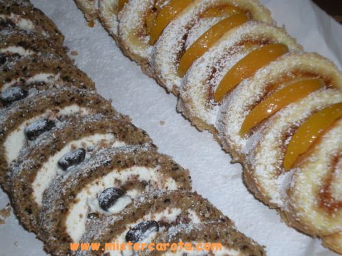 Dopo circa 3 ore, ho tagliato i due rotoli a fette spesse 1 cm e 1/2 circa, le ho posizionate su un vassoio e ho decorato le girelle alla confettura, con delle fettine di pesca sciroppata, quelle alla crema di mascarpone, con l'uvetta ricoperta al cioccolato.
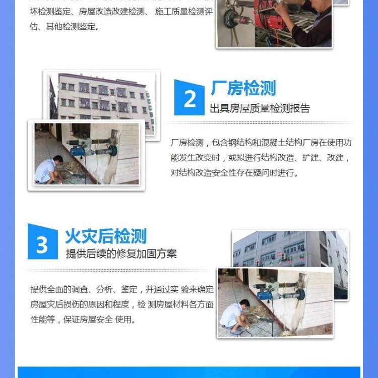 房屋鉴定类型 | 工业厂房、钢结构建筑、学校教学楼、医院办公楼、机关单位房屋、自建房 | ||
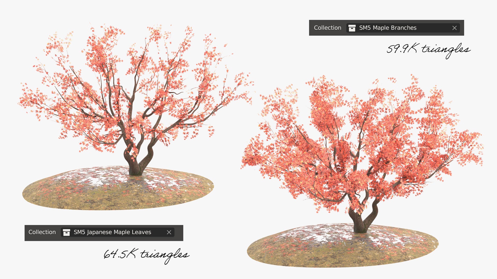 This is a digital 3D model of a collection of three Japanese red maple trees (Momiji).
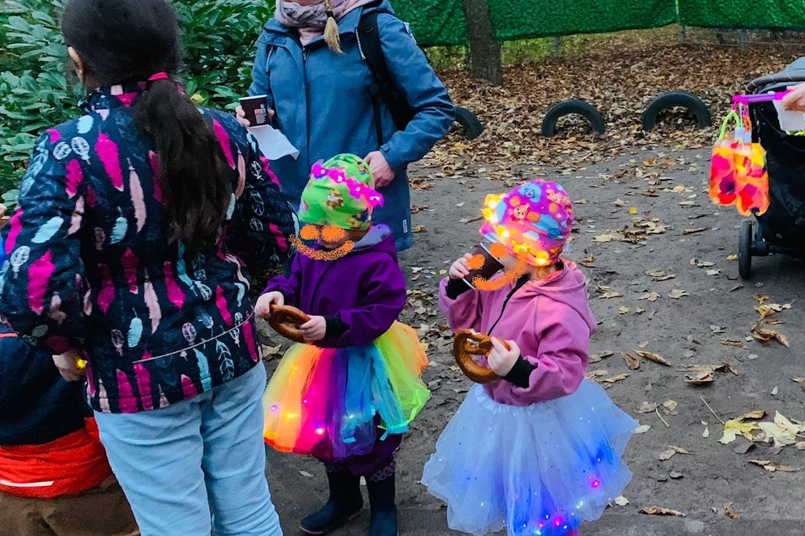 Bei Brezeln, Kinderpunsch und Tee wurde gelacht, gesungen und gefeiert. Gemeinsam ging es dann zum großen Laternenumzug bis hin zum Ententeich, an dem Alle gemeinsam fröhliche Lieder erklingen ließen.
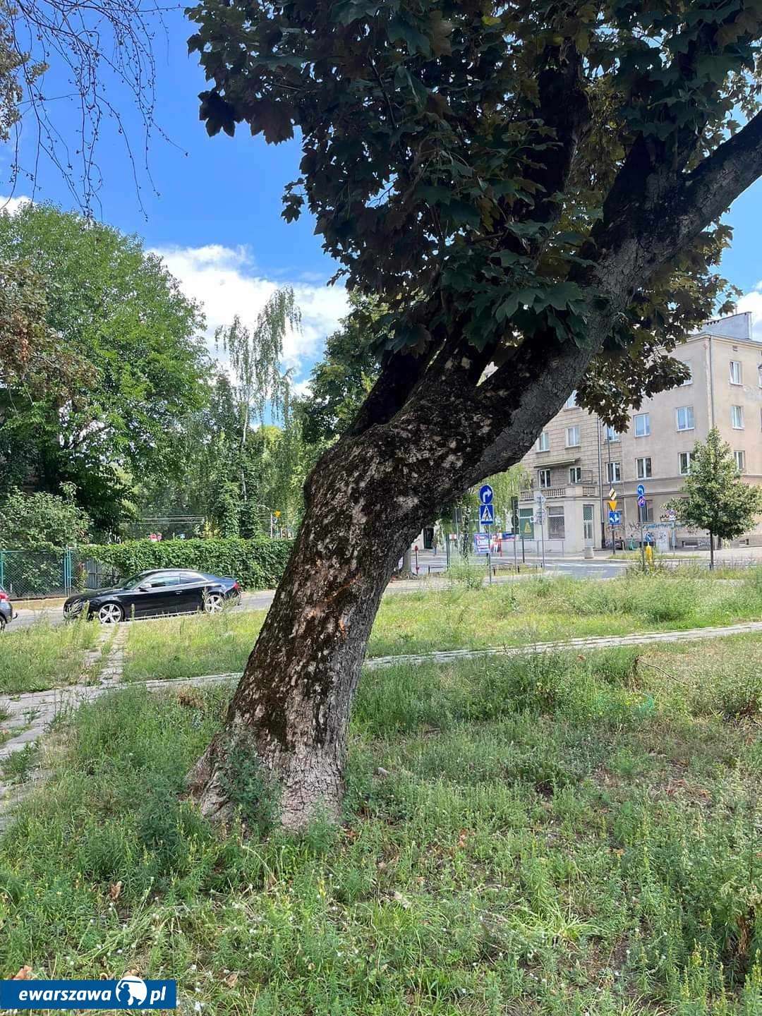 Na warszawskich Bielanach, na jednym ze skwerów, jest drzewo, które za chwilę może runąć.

----------

Your objective: Only the lines from the one with "Bei Brezeln, Kinderpunsch" through the end of the data, both ends included, should be written out exactly, and no pictures should appear.

Response:
 Bei Brezeln, Kinderpunsch und Tee wurde gelacht, gesungen und gefeiert. Gemeinsam ging es dann zum großen Laternenumzug bis hin zum Ententeich, an dem Alle gemeinsam fröhliche Lieder erklingen ließen.
 Na warszawskich Bielanach, na jednym ze skwerów, jest drzewo, które za chwilę może runąć.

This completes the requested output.